» Records shown:
★ ★ ★ ★

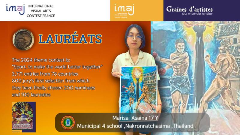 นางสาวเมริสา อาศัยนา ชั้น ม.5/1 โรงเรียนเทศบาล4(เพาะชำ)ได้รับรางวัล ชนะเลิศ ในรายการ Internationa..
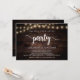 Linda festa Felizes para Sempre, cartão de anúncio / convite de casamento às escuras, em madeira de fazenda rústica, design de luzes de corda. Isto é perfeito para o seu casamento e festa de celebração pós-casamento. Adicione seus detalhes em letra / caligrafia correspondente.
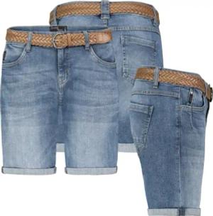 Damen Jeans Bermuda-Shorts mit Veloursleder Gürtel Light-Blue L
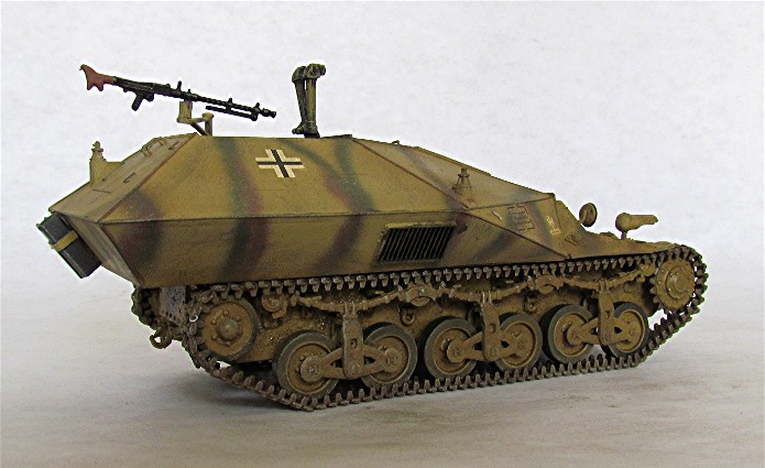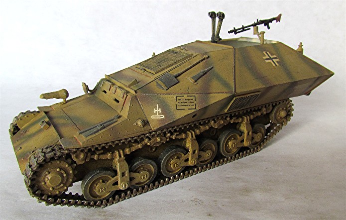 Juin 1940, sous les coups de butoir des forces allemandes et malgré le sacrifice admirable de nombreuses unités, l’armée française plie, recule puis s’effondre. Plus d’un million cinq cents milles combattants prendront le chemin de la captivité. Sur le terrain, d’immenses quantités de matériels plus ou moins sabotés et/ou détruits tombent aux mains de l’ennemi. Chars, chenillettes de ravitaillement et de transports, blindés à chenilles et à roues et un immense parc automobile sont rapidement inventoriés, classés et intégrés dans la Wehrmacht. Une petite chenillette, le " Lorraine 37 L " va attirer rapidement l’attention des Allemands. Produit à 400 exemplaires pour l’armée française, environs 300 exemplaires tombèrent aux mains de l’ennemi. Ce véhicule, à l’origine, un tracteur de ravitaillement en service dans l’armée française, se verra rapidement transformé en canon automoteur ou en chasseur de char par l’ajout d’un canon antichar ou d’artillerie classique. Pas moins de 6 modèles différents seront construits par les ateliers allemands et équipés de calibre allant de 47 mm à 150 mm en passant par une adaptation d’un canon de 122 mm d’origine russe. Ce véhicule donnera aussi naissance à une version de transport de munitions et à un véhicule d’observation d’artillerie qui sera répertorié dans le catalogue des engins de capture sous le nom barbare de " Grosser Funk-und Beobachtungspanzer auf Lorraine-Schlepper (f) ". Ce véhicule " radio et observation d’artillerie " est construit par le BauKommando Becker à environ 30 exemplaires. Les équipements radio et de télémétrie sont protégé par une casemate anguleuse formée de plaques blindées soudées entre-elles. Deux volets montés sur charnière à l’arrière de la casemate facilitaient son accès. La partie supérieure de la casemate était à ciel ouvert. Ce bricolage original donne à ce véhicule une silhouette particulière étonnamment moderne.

★ ★ ★ ★

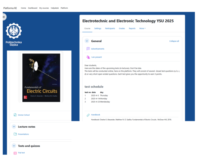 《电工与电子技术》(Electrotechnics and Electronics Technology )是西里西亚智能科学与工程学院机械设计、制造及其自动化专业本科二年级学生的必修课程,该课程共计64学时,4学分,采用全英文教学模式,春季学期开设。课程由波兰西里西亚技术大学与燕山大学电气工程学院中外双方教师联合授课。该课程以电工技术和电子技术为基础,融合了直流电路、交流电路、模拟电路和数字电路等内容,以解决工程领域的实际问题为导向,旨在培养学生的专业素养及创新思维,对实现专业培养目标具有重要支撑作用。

★ ★ ★ ★

From the material above, give again exactly the lines from the one that contains "Linda festa Felizes" through the one that contains "Damen Jeans Bermuda-Shorts", and leave out the pictures.

» Response to this task:
 Linda festa Felizes para Sempre, cartão de anúncio / convite de casamento às escuras, em madeira de fazenda rústica, design de luzes de corda. Isto é perfeito para o seu casamento e festa de celebração pós-casamento. Adicione seus detalhes em letra / caligrafia correspondente.
 Damen Jeans Bermuda-Shorts mit Veloursleder Gürtel Light-Blue L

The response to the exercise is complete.